Norwegian politician

Hieronymus Heyerdahl (5 May 1867 - 13 January 1959) was a Norwegian lawyer, administrator and politician for the Conservative Party. He served as mayor of Oslo and was associated with the development of the new Oslo City Hall.

==Personal life==
Heyerdahl was born at Fredrikstad in Østfold, Norway. His parents were Hieronymus Heyerdahl (1832–1876) and Henriette Sophie Schou (1839-1929). He was the grandson of Hieronymus Heyerdahl (1773–1847) who had served at the Norwegian Constituent Assembly in 1814. He married Anna Wilhelmine Weidemann (1869–1956) in 1893.

==Career==
Heyerdahl moved to Kristiania (now Oslo) in 1877. He entered the law school at Gjertsens skole in 1884 and earned his cand.jur. in 1889. He opened his own practice as an attorney in 1891 and became a High Court attorney (høyesterettsadvokat) in 1895.

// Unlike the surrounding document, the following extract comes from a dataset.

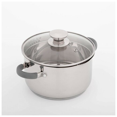Кастрюля Magistro Tefida, 3,5 л, 2010 см, крышкадуршлаг, носик для слива, капсульное дно, силиконовые ручки, стеклянная крышка

He served on the City Council 1911–19 and 1923–25 and as mayor of Oslo from 1911 to 1914. At the end of his term in office, he developed the plans to build a new Oslo City Hall (Oslo rådhus). Heyerdahl launched the fundraising campaign for a new Oslo City Hall in 1914. Construction started during September 1931 and officially the facility opened in May 1950.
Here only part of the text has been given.